Estonian football club

Viljandi Jalgpalliklubi Tulevik, commonly known as Viljandi Tulevik, or simply as Tulevik, is an Estonian football club based in Viljandi that competes in Esiliiga B, the third tier of Estonian football. The club's home ground is Viljandi linnastaadion.

Founded in 1912 as Sports Association Tulevik (lit. 'Future'), the club was disbanded in 1940 due to the Soviet occupation of Estonia and re-established in 1992 as one of the founding members of the Meistriliiga. The club has competed in the Estonian top division in 1992–1993, 1997–2010, 2015, and most recently from 2017 until 2021.

==History==

=== Early history (1912–1940) ===
Founded in 1912 as Spordiselts Tulevik (Sports Association 'Future), in part, by Heinrich Aviksoo, they began playing football in 1913 on a field by Lake Viljandi, where Viljandi linnastaadion was built in 1928. Interrupted by World War I and the Estonian War of Independence, Tulevik did not resume playing football until 1927. In 1937, they won the Central division of the regional B klass.
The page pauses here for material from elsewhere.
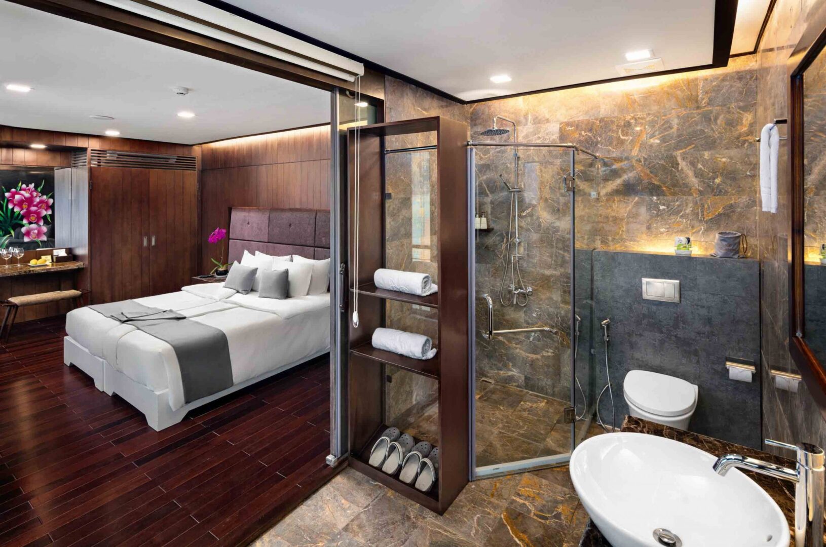 Consisting of 14 spacious suites with balconies and private baths overlooking the gulf, a spa, and an outdoor jacuzzi on its sundeck, the Orchid offers the perfect way to explore Halong Bay in style. There are 8 suites located on the first deck (36sqm) and 4 premium suites located on the upper deck (36sqm). Both suites and premium suites feature a private balcony and separate seating area. There are 2 exclusive suites located on the upper deck. These suites measure 45sqm and feature a private deck and wrap-around windows.

Following the Soviet occupation of Estonia in 1940, Tulevik was forced to disband.

In 1977, Viljandi Linnameeskond was formed. The team was promoted to the Soviet Estonian Championship in 1981 and spent the next decade within the top two tiers.

=== Tulevik's revival and prime years (1992–2010) ===
In 1992, after Estonia had regained its independence, Viljandi Linnameeskond was first renamed JK Viljandi, and then JK Tulevik, and became a founding member of the Meistriliiga. After two seasons, the club was relegated to the Esiliiga. In 1997, Tulevik became a part of the Flora system and returned to the Meistriliiga, while Sergei Ratnikov was appointed as manager. In June 1998, Ratnikov was replaced by Tarmo Rüütli.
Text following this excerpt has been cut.